Messing around with Mercurial to keep my stuff in synch, while working on ulfs.

While I am reasonably happy with my scheme for synchronizing partial checkins and checkouts - not merging, but making candidate for merge - it's not yet ready for prime time. Hence my use of Mercurial.

Can't say continued use of Mercurial, because I have only lately switched to using Mercurial from Git.

Anyway: historically, the main reason for wanting to be able to edit history has been legal. E.g. if a court settlement or a sale meant that you were not supposed to have versions of a file that is determined not to belong to you.

Today, another reason: Mercurial on cygwin kept dying. Looks like it was related to large files. I really wanted to remove those large files from the history, but the "Though shalt not edit history" attitude got in the way.

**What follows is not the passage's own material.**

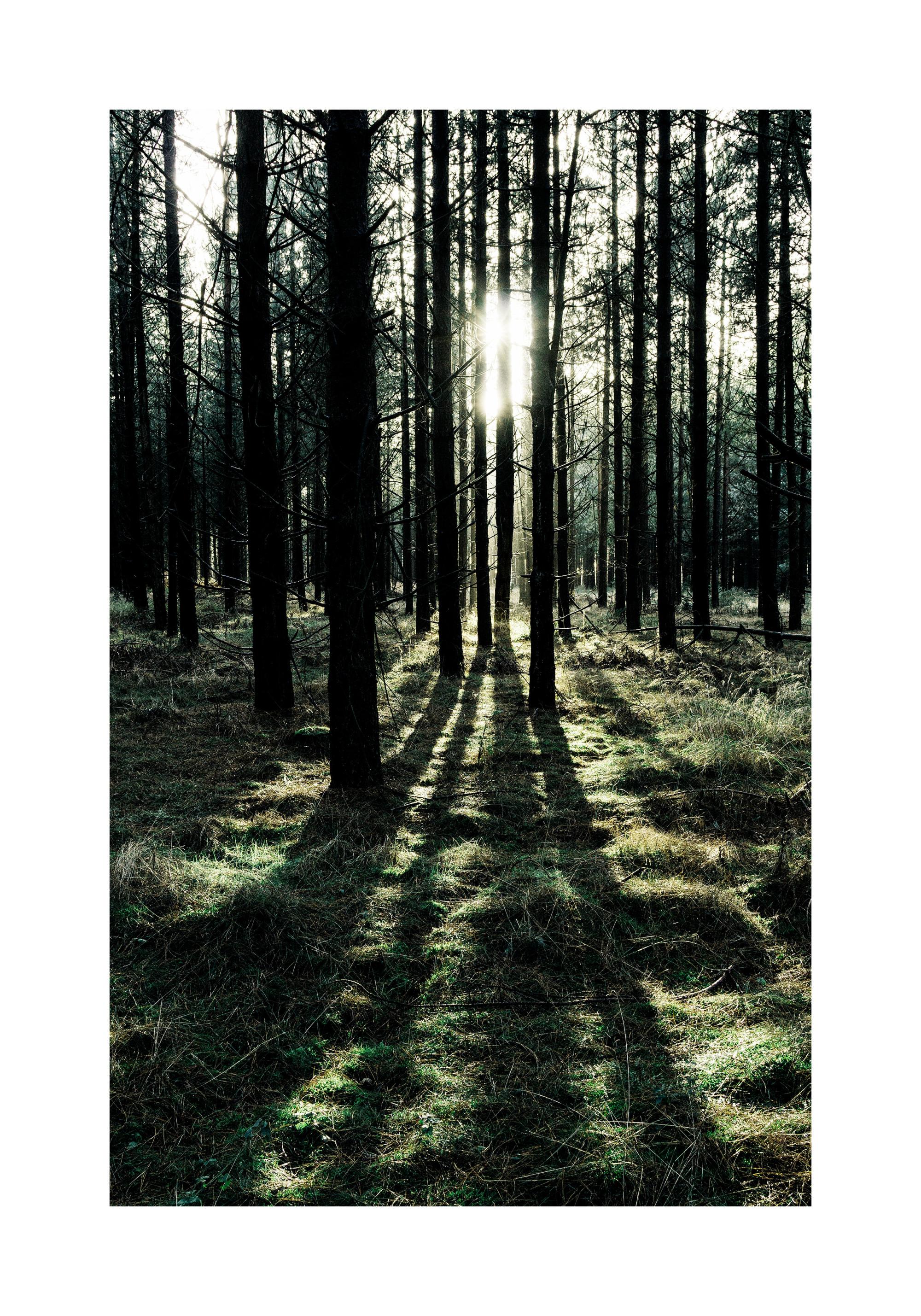 Prachtige natuurposter met een schitterend motief van een dun dennenbos in diepgroene tinten. Door de smalle ruimte tussen de hoge bomen dringt het zonlicht door en vormt het prachtige schaduwen tegen het mos op de grond. Het motief heeft een ingebouwde passe-partout die de afbeelding op een stijlvolle manier omlijst.

Used hg strip, but that was too much; I really just wanted to delete a few entries. Not enter a counteracting entry, but to delete the original.

Really, I am using DVCS not just for revision control of a single project, but for history tracking of an archive of largely unrelated files.

This should not be that hard. Mercurial docs make noise about names incorporating all content checksums. ... Well, while that might be a good integrity check, it suggests that such content based naming is not so great an idea. If it makes history editing hard.

Realistically, all versions of all objects should have names separate from content hashes.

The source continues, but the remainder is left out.